|
Bugzilla – Full Text Bug Listing |
| Summary: | Potential 4+ hour hang in pbs_server | ||
|---|---|---|---|
| Product: | TORQUE | Reporter: | David Beer <dbeer> |
| Component: | pbs_server | Assignee: | David Beer <dbeer> |
| Status: | NEW | ||
| Severity: | enhancement | CC: | dbeer, efocht, SimonT, thzeiser, torquedev |
| Priority: | P5 | ||
| Version: | 2.5.x | ||
| Hardware: | PC | ||
| OS: | Linux | ||
Josh Bernstein wrote: I think the maximum number of retries makes sense here. How about something like 10? If this was a server configuration variable that would be a nice thing as well. Please do file a bug on this so it can be tracked in Bugzilla properly. -Josh
If creation of a socket fails (on all 880 retries) then you can't really use the software anyway.
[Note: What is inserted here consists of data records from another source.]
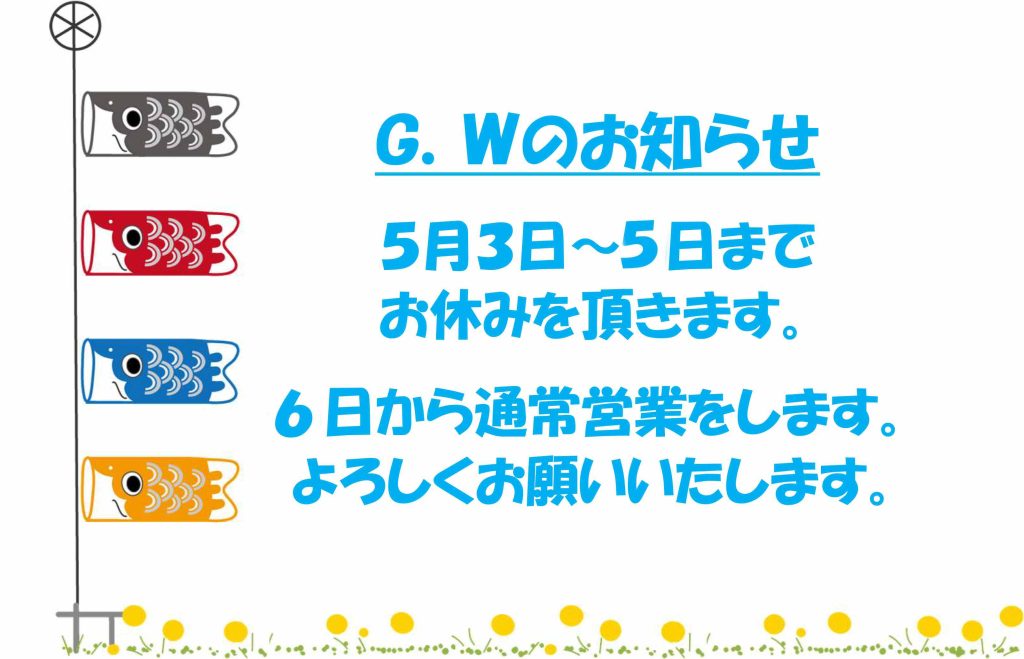 すでに大型連休の方もいらっしゃるかと思いますが、当店も明日から6日まで
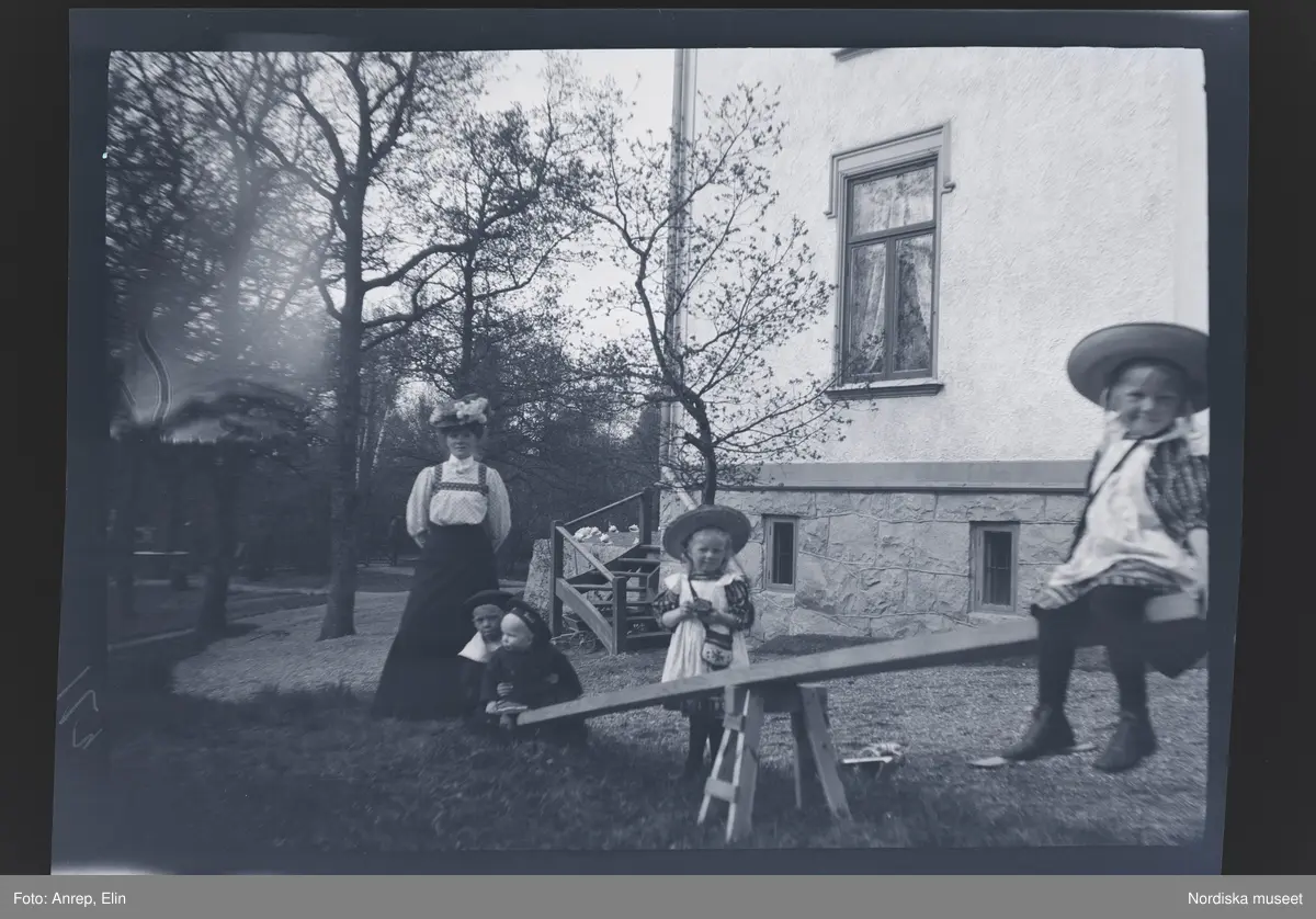 Barnen gungar gungbräda utanför familjen Morthensens villa Solveden, Djursholm.
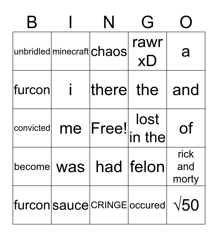 This bingo card has a free space and 29 words: furcon, brought, me, endless, unbridled, chaos, i, was, lost in the, sauce, of, √50, CRINGE, occured, and, i, had, become, a, convicted, felon, in, the, furcon, rawr xD, minecraft, rick and morty, there and losing.
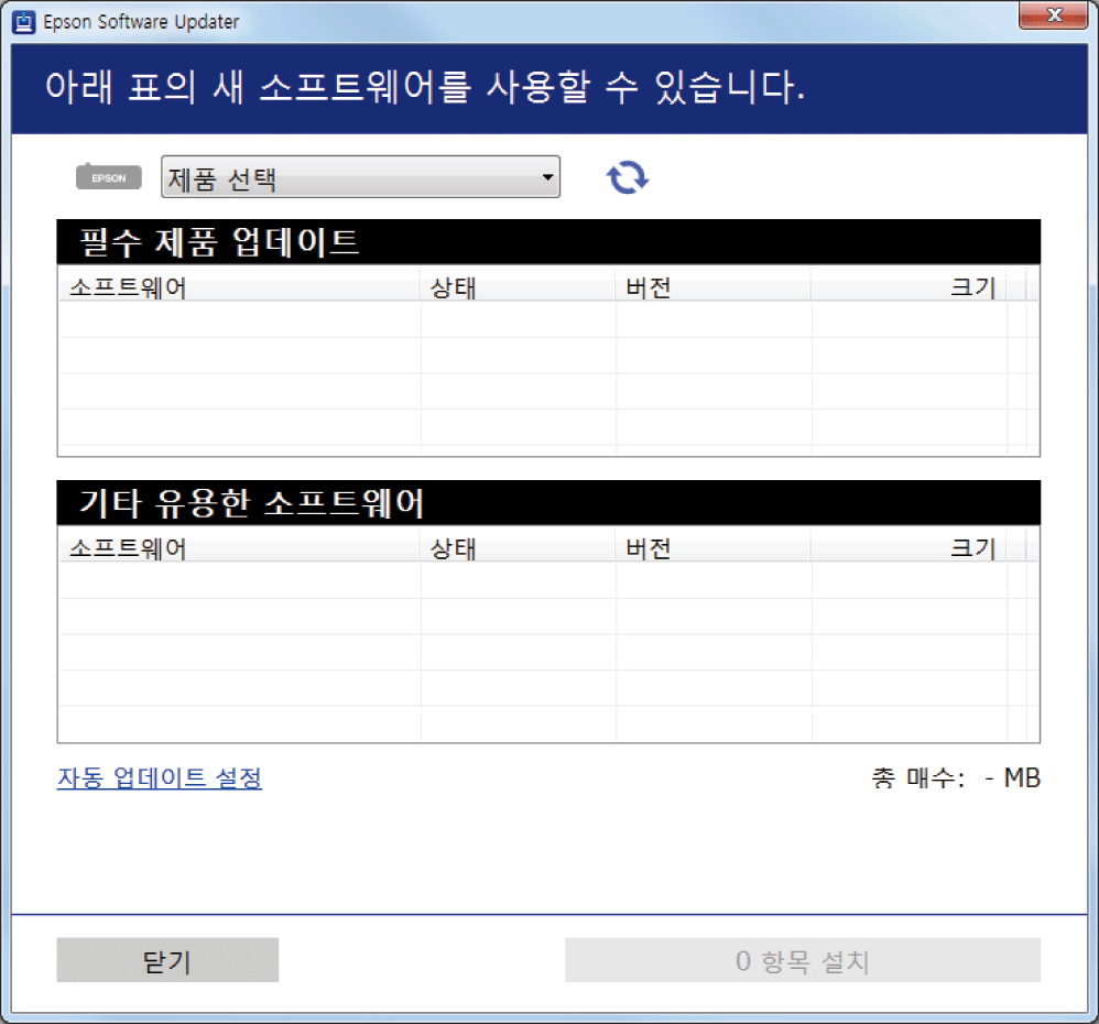 Windows Server 운영 체제를 사용할 경우 Epson Software Updater를 사용할 수 없습니다. Epson 웹 사이트에서 최신 응용 프로그램을 다운로드 할 수 있습니다.
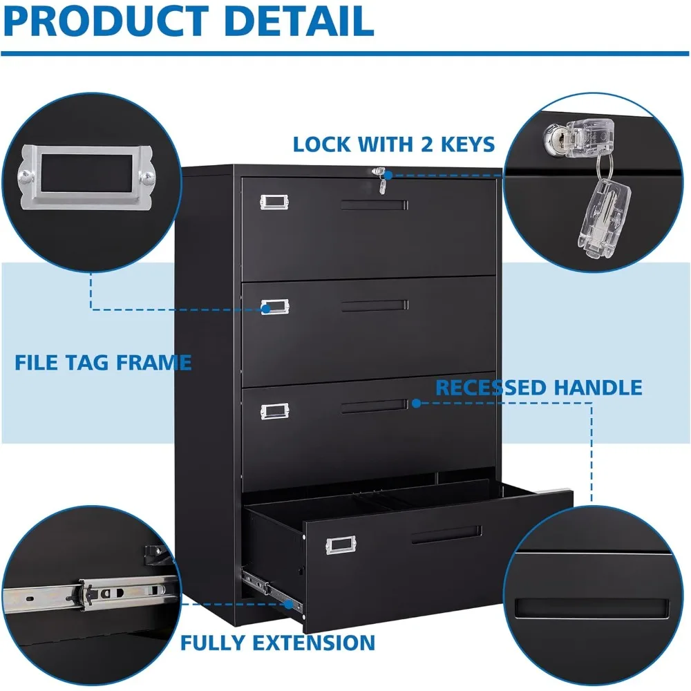 • 【HIGH CAPACITY】This Lateral file cabinet for home office has 4 layers of large storage space, fully retractable ball bearing drawer slide rails for easy access to all folders, file drawers with adjustable hanging rods can hang A4 size, letter size or legal size hanging folders to let your files Well organiz
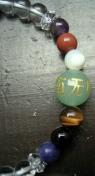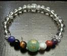 主石の水晶に南無阿弥陀仏彫アベンチュリンを中央に、色石を7色合わせました。

Sure you can fall-back after certain amount of retries, but does that really help you? You can't create the socket in the first place, therefore you will just make the server go to another request and create more havoc.
(In reply to comment #2) > If creation of a socket fails (on all 880 retries) then you can't really use > the software anyway. Sure you can fall-back after certain amount of retries, > but does that really help you? You can't create the socket in the first place, > therefore you will just make the server go to another request and create more > havoc. Actually, you can still use the software. You couldn't use it if this were happening on every node, but if it happens only on one or two nodes out of your entire cluster, then your pbs_server is hanging endlessly and the rest of your cluster is going unused. This is why a limit can be useful.
(In reply to comment #3) > (In reply to comment #2) > > If creation of a socket fails (on all 880 retries) then you can't really use > > the software anyway. Sure you can fall-back after certain amount of retries, > > but does that really help you? You can't create the socket in the first place, > > therefore you will just make the server go to another request and create more > > havoc. > > Actually, you can still use the software. You couldn't use it if this were > happening on every node, but if it happens only on one or two nodes out of your > entire cluster, then your pbs_server is hanging endlessly and the rest of your > cluster is going unused. This is why a limit can be useful. Sorry you lost me. What is hanging? The server, or the node? If the server is hanging because the sockets are failing then they will fail for all nodes. Its just like out of memory error. Or could you please explain what part of the code is this referring to exactly?
(In reply to comment #4) > > Sorry you lost me. What is hanging? The server, or the node? > the server > If the server is hanging because the sockets are failing then they will fail > for all nodes. Its just like out of memory error. Or could you please explain > what part of the code is this referring to exactly? The server is hanging because the node it is in the middle of communicating with dies, mid-communication. Please read the first post on this ticket for more information.
> > If the server is hanging because the sockets are failing then they will fail
> > for all nodes. Its just like out of memory error. Or could you please explain
> > what part of the code is this referring to exactly?
>
> The server is hanging because the node it is in the middle of communicating
> with dies, mid-communication. Please read the first post on this ticket for
> more information.
OK, the real issue I'm pointing out here is that we shouldn't limit the amount
of tries but handle return values correctly. What exactly is the return value
of the bind() call in this case?
(In reply to comment #6) > OK, the real issue I'm pointing out here is that we shouldn't limit the amount > of tries but handle return values correctly. What exactly is the return value > of the bind() call in this case? We're seeing this issue as well (with 2.5.3) and it is really annoying. For the return code, here's a trace: bind(11, {sa_family=AF_INET, sin_port=htons(301), sin_addr=inet_addr("0.0.0.0")}, 16) = 0 connect(11, {sa_family=AF_INET, sin_port=htons(15002), sin_addr=inet_addr("10.188.11.238")}, 16) = -1 EINPROGRESS (Operation now in progr) So connect() returns EINPROGRESS, then times out. It's easy to test: start a job, then kill the job's head node. BTW: we increased tcp_timeout to 120 since it's arather big cluster, so just reducing the number of retries is not quite ... useful. Regards, Erich
Is there any progress with this bug? The problem reported is a real show-stopper and not only the request of a minor enhancement!